• [YOUR OBJECTIVE] Records follow. Print exactly the lines from the one that has "(国家、指标翻译成了中文,还有国家中英文说明等相关的对照表页签,方便使用)" through the one that has "St. Andrew's, Dublin", inclusive, and omit the pictures.

[Saved entries]
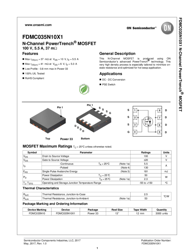 N-Channel PowerTrench<sup>® MOSFET 100 V, 5.5 A, 37 mΩ
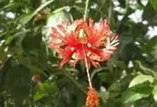 吊灯扶桑 Hook. f.)为锦葵科木槿属的常绿灌木。高达3米;小枝常下垂;叶椭圆形或长圆形,先端尖或短渐尖,基部楔形;花梗细,无毛或具纤毛,中部具节;蒴果长圆柱形;花期全年。因似灯笼高挂,…全部>>
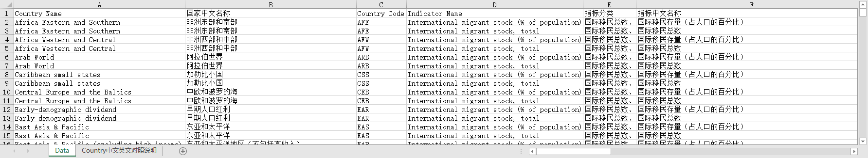 (国家、指标翻译成了中文,还有国家中英文说明等相关的对照表页签,方便使用)
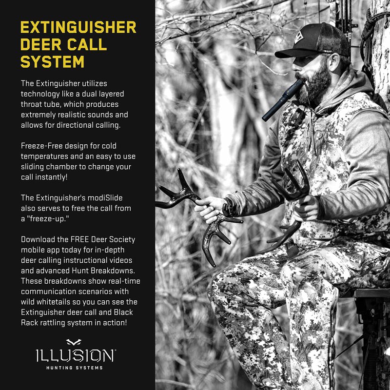 - Deer Hunting Accessories - Attracting and luring in wild animals during hunting season just got a lot easier thanks to Illusion Systems Extinguisher Deer Call, a must-have for the serious hunter!
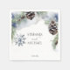 Winter wedding / engagement watercolor snowy pines editable template personalised napkins. Snowy pines with pine cones snowflake muted Scandinavian winter colours modern casual font winter wedding tableware
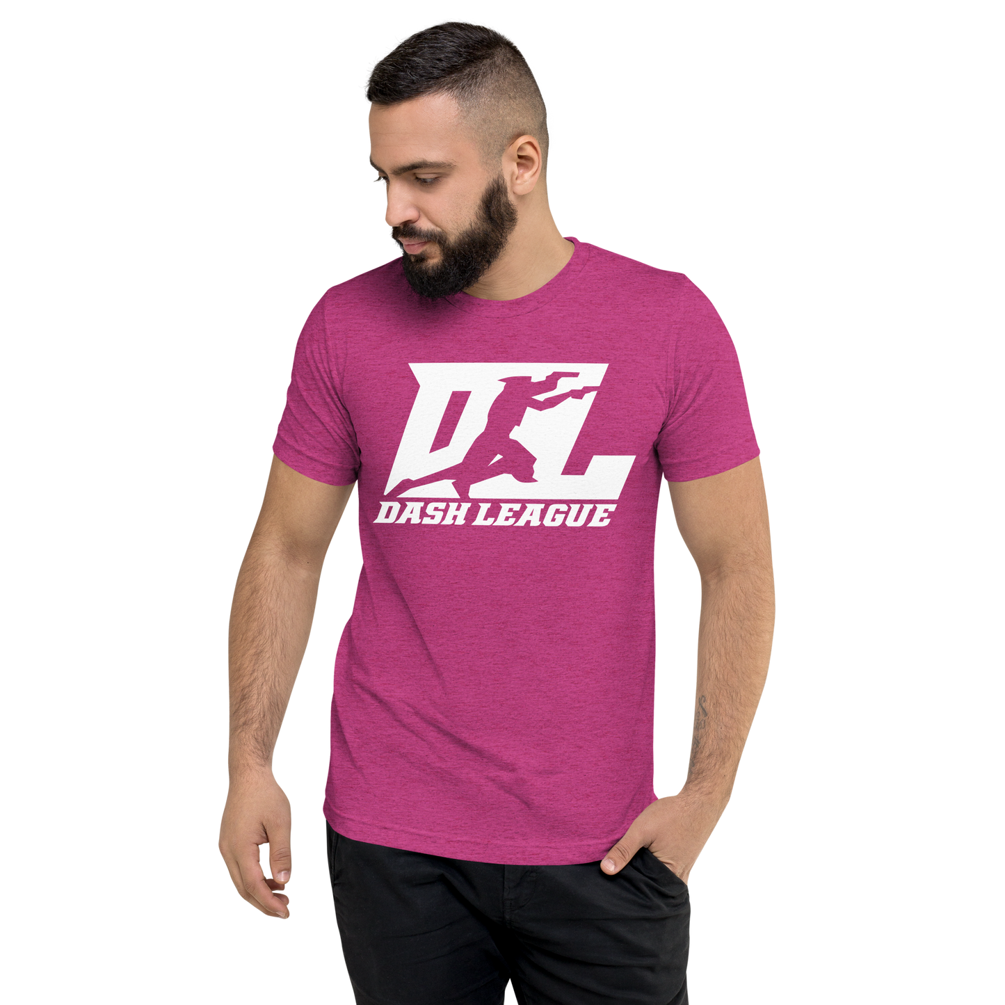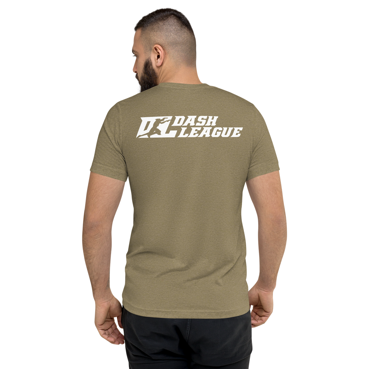 Camisa unisex de mezcla de tres materiales con logotipo DL blanco (parte delantera y trasera)
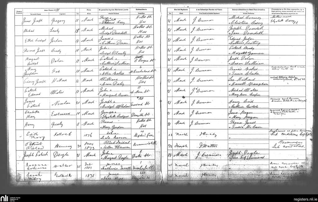 St. Andrew's, Dublin city; County of Dublin; Archdiocese of Dublin. Baptisms, Mar. 1898
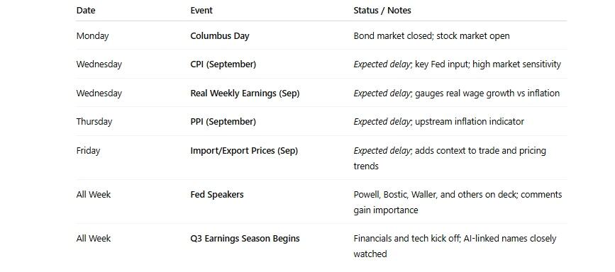 The economic calendar for the upcoming week was expected to provide critical updates on inflation and wage growth. However, due to the ongoing government shutdown, the release of major reports from the Bureau of Labor Statistics and the Census Bureau is uncertain. If not resolved by early next week, most federal economic data, including CPI and PPI, will be delayed. That removes essential guidance at a time when investor positioning is heavily dependent on a soft-landing narrative.
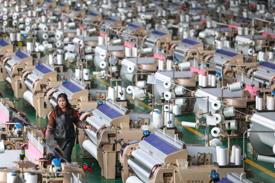 12月17日,位于贵州省毕节市一纺织企业生产车间内,工人在巡检设备。
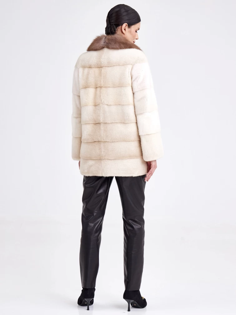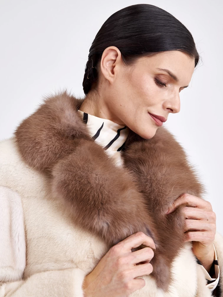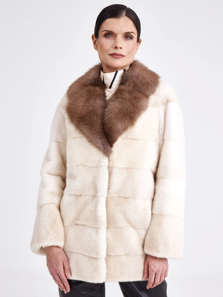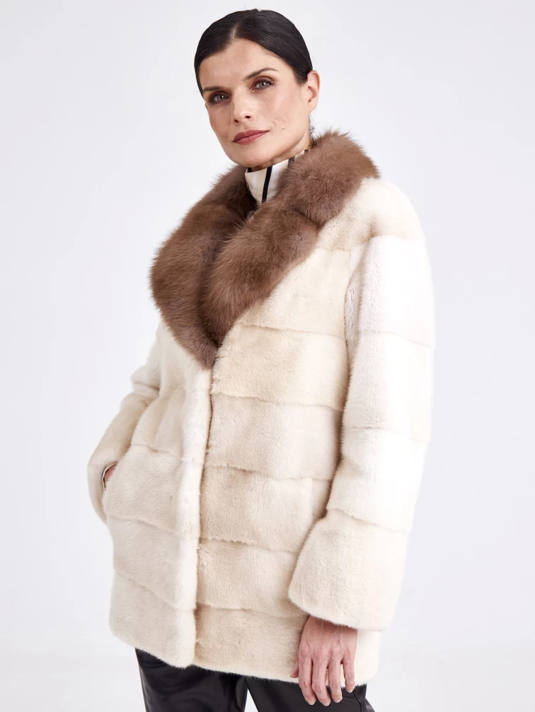 Женская шуба из меха норки с воротником из меха куницы 2а(авк), жемчужная, размер 44, артикул 33220
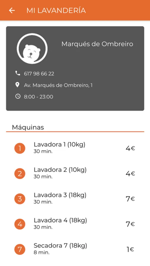 Aplicación para los clientes de las lavanderías autoservicio Oso Blanco
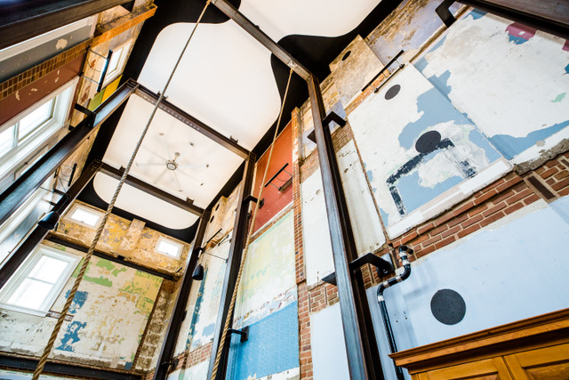 A description of the art installation on the Swing House website reads, “Reinforced by the hourglass shape on the ceiling, the movement of the swing mimics the travel of a pendulum, again, referencing the passage of time in the revealed history expressed on the walls; the swing is not only for pleasure, but is also a vehicle for contemplation.”

• [RESPONSE AREA]
 (国家、指标翻译成了中文,还有国家中英文说明等相关的对照表页签,方便使用)
 - Deer Hunting Accessories - Attracting and luring in wild animals during hunting season just got a lot easier thanks to Illusion Systems Extinguisher Deer Call, a must-have for the serious hunter!
 Winter wedding / engagement watercolor snowy pines editable template personalised napkins. Snowy pines with pine cones snowflake muted Scandinavian winter colours modern casual font winter wedding tableware
 Camisa unisex de mezcla de tres materiales con logotipo DL blanco (parte delantera y trasera)
 St. Andrew's, Dublin city; County of Dublin; Archdiocese of Dublin. Baptisms, Mar. 1898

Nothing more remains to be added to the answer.